One cold winter night, as this tale was being told, the
doctor, an old man of eighty, who still attended the sick in the villages for
miles around, stopped his dogcart at the inn gate and came in for hot brandy and
water.

'You, sir, now,' said one of the men. 'You've been over Lady
Bridge at midnight many's the time, I'll warrant. Can you say as you've ever
seen anything?'

The doctor shook his head. 'No,' he replied, 'I can't say
that I have. But,' and he paused to weigh his words, 'well, it's rather a
curious thing. During the fifty years I've been amongst you I've had many horses,
as you know, and not one of them have I got over that bridge at night without
urging. Whether they can see more than we can see, of course, I don't know; but
there it is for what it is worth. Good night, men.'

In addition to these public and well-known ghost stories,
there were family tales of death warnings, or of a father, mother, or wife who
had appeared after death to warn, counsel, or accuse. But it was all entertainment;
nobody really believed in ghosts, though few would have chosen to go at night
to haunted spots, and it all ended in: 'Well, well, if the livin' don't hurt
us, the dead can't. The good wouldn't want to come back, an' the bad wouldn't
be let to.'

The newspapers furnished other tales of dread. Jack the
Ripper was stalking the streets of East London by night, and one poor wretched woman
after another was found murdered and butchered. These crimes were discussed for
hours together in the hamlet and everybody had some theory as to the identity
and motive of the elusive murderer. To the children the name was indeed one of
dread and the cause of much anguished sleeplessness. Father might be hammering
away in the shed and Mother quietly busy with her sewing downstairs; but the
Ripper! the Ripper! he might be nearer still, for he might have crept in during
the day and be hiding in the cupboard on the landing!

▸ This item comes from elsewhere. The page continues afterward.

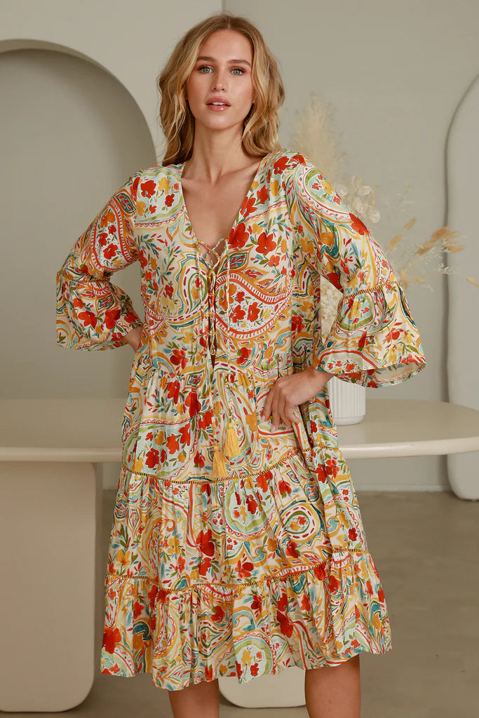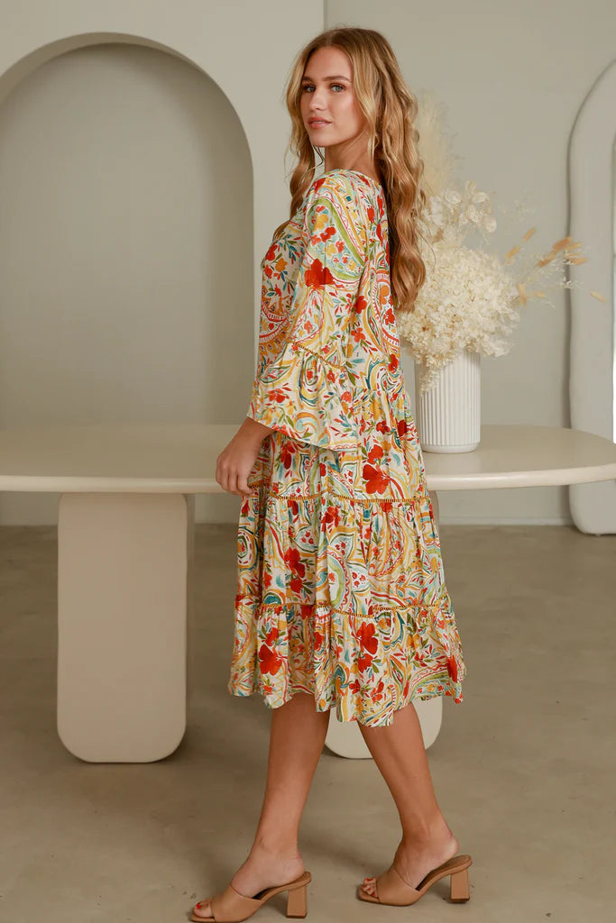 The Sienna Dress in Exclusive Sorrento Print by Mylk The Label Functional Shell Buttons Lace...

One curious tale had to do with natural phenomena. Some years
before, the people in the hamlet had seen a regiment of soldiers marching in
the sky, all complete with drum and fife band. Upon inquiry it had been found
that such a regiment had been passing at the time along a road near Bicester,
six miles away, and it was concluded that the apparition in the sky must have
been a freak reflection.

Some of the tales related practical jokes, often cruel ones,
for even in the 'eighties the sense of humour there was not over-refined, and
it had, in past times, been cruder still. It was still the practice there to
annoy certain people by shouting after them a nickname or a catchword, and one
old and very harmless woman was known as 'Thick and thin'. One winter night,
years before, when the snowdrifts were knee-high and it was still snowing, a
party of thoughtless youths had knocked at her cottage door and got her and her
husband out of bed by telling them that their daughter, married and living three
miles away, was brought to bed and had sent for her mother.

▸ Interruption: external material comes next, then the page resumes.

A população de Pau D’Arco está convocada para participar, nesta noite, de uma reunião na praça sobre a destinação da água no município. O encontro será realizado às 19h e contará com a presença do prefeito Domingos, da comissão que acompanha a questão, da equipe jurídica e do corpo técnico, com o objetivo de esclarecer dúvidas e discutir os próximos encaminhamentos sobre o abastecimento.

The old couple huddled on all the clothes they possessed,
lighted their lantern, and set out, the practical jokers shadowing them. They struggled
through the snowdrifts for some distance, but the road was all but impassable,
and the old man was for turning back. Not so the mother. Determined to reach
her child in her hour of need, she struggled onward, encouraging her husband
the while by coaxing, 'Come on John. Through thick and thin!' and 'Thick and
thin' she was ever after.

But tastes were changing, if slowly, by the 'eighties, and
such a story, though it might be still current, no longer produced the loud
guffaws it had formerly done. A few sniggers, perhaps, then silence; or 'I
calls it a shame, sarvin' poor old people like that. Now let's have a song to te-ake
the taste of it out of our mouths.'

All times are times of transition; but the eighteen-eighties
were so in a special sense, for the world was at the beginning of a new era,
the era of machinery and scientific discovery. Values and conditions of life were
changing everywhere. Even to simple country people the change was apparent. The
railways had brought distant parts of the country nearer; newspapers were
coming into every home; machinery was superseding hand labour, even on the
farms to some extent; food bought at shops, much of it from distant countries,
was replacing the home-made and home-grown. Horizons were widening; a stranger
from a village five miles away was no longer looked upon as 'a furriner'.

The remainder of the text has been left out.